Search code examples
elasticsearchelasticsearch-painless

what exactly does painless do under the hood of painless script's Array contains method


Suppose that i have a doc mapping field like below

{
    "template": {
        "mappings":{
            "template":{
                "properties": {
                    "sth": {
                        "type": "long"
                    }
                }
            }
        }
    }
}

The field sth is the type of array.

I want to check whether the field sth contains a value or not, so i write painless script like doc['sth'].values.contains(1)
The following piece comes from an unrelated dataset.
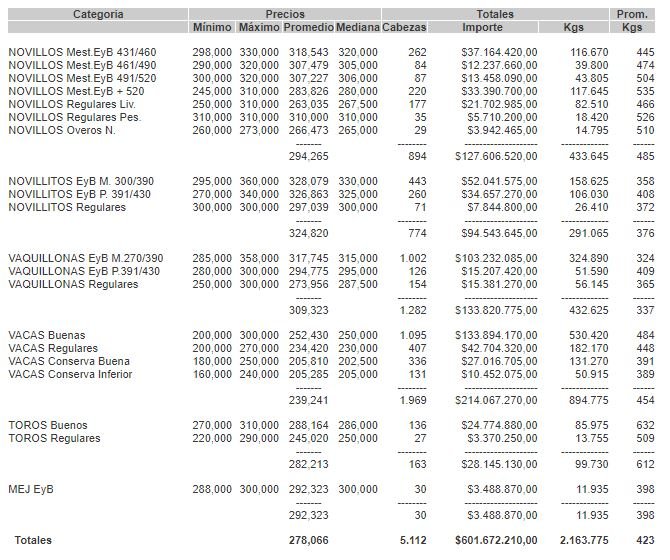 PRECIOS DEFINITIVOS POR CATEGORIA EL MARTES 16 DE AGOSTO

It failed, and i read this article, understand why it fail, since the i must pass a Long to the contains method, so i change my painless script to doc['sth'].values.contains(1L)

It works, but some further experiment exhaust me more.

The script

doc['sth'].values[0] == 1 and doc['sth'].values[0] == 1L

both can work, ok, i read the painless document, understanding that the integer type will be promoted as long type.

But doc['sth'].values[0] == Integer.valueOf(156) also can work, however, according to the document

If a comparison is made between a primitive type value and a reference type value.

Should it raise an error? Or automatically unboxing/boxing happens somewhere?

Nevertheless, i wrote script doc['sth'].values[0] instanceof Long and doc['sth'].values[0] instanceof long, both can work and return true.

Is painless array type store the primitive type, or the boxing reference type?

Finally, comes to the topic question, what exactly does painless do under the hood of painless script's Array contains method.

It's just my irresponsible guess

Is Array::contains have a signature like contains(Object o), and use == to compare the parameter with its storage?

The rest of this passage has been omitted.